Four years at Memorial certainly came and went quicker than I anticipated. As I reflect on my time at university, here are five things I have learned:

1. Joining a club or society will enhance the university experience

Throughout my time at Memorial, I have dabbled in many clubs and societies. It was only in my third year I became more involved in The Muse, which led to a MUCEP job as the student columnist for the Gazette. While I did not find a society that sparked my interest right away, I kept pushing myself to attend meetings until I found something that did. Getting involved in something outside the classroom allowed me to enhance my writing skills, learn outside of the classroom and build my resumé.

2. Visit your professor during his/her office hours

It can be difficult for professors to get to know their students during class time. This is why it is important for students to visit professors to build a relationship. Students do not just need assignment help to see a professor, either. Simply dropping in and making small talk allows professors and students to get to know each other on a more personal level. Additionally, building relationships with professors is important as students can ask them for references in the future. Personally, I have already asked a professor to be a reference for a summer job.
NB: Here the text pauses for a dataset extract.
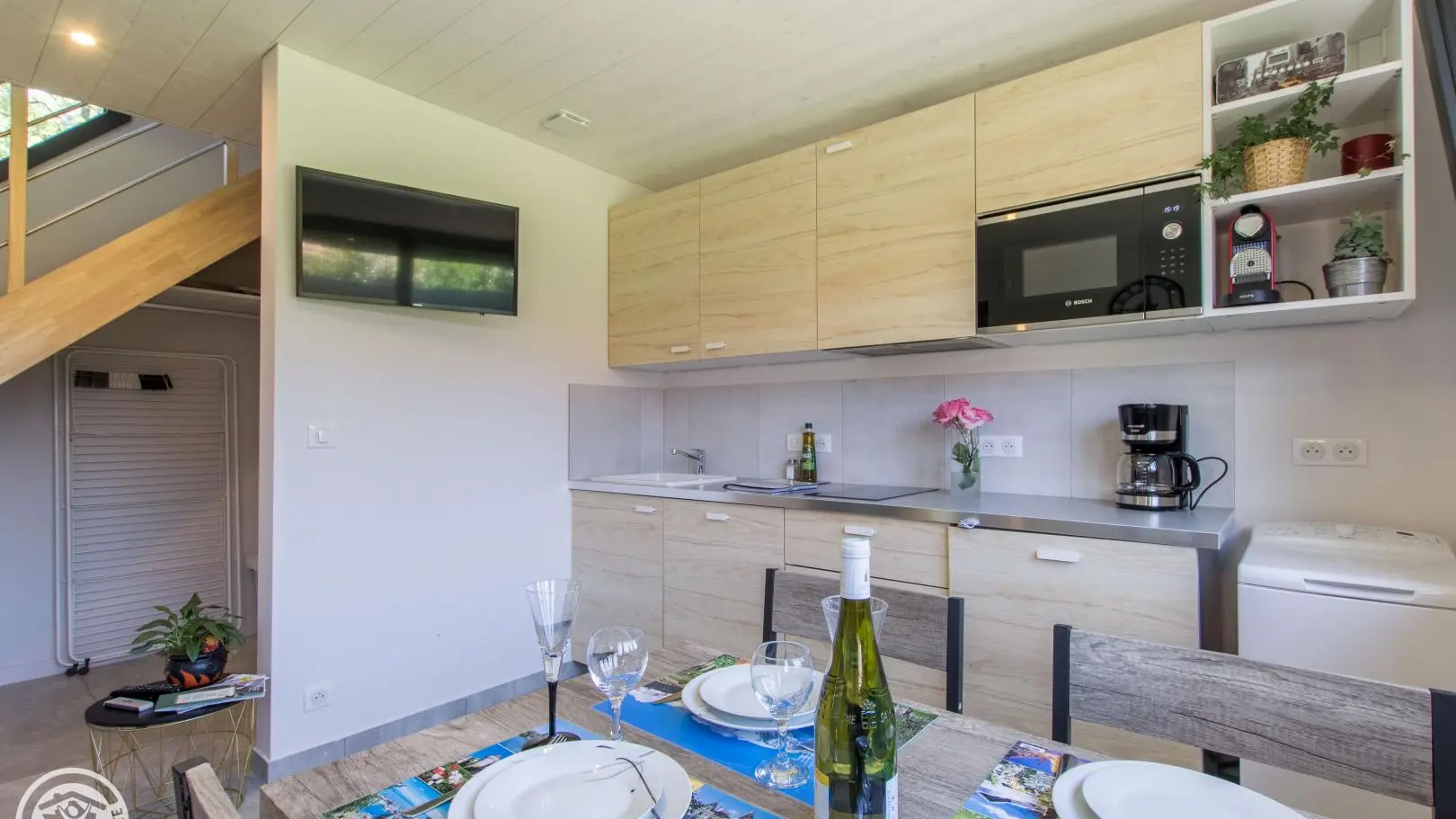 Ground floor: kitchen open to living room (television, sofa bed), separate toilet. Washing machine.

3. Attending class regularly and on time is important

Upon entering university, it is easy to not attend those classes with slides posted online and non-mandatory attendance. However, going to class is essential to get the most out of the university experience. Not only will students learn information not posted online, but going to class also encourages punctuality and following a schedule. This will make the transition from the classroom to the workplace much smoother.
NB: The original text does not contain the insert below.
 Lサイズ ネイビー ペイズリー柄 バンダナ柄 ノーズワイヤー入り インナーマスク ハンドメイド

4. A strong work ethic will allow for the best experience

University tuition, textbooks and the daily commute to class can be costly. For this reason, it is integral to put effort into university to allow for future success. This could mean visiting the library and writing that paper over attending Open Mic Night. Developing a strong work ethic will lead to retaining more information and receiving good grades.

5. Going out of your comfort zone goes a long way

In my third year, I attended meetings for the Debate Society and improved my public speaking skills. In my final year, my fourth-level English and communications studies courses required presentations. Through joining the Debate Society and pushing myself to speak publicly, the requirement to give presentations in my final year was much easier. In the future, I hope to carry this skill with me while also going out of my comfort zone in new ways.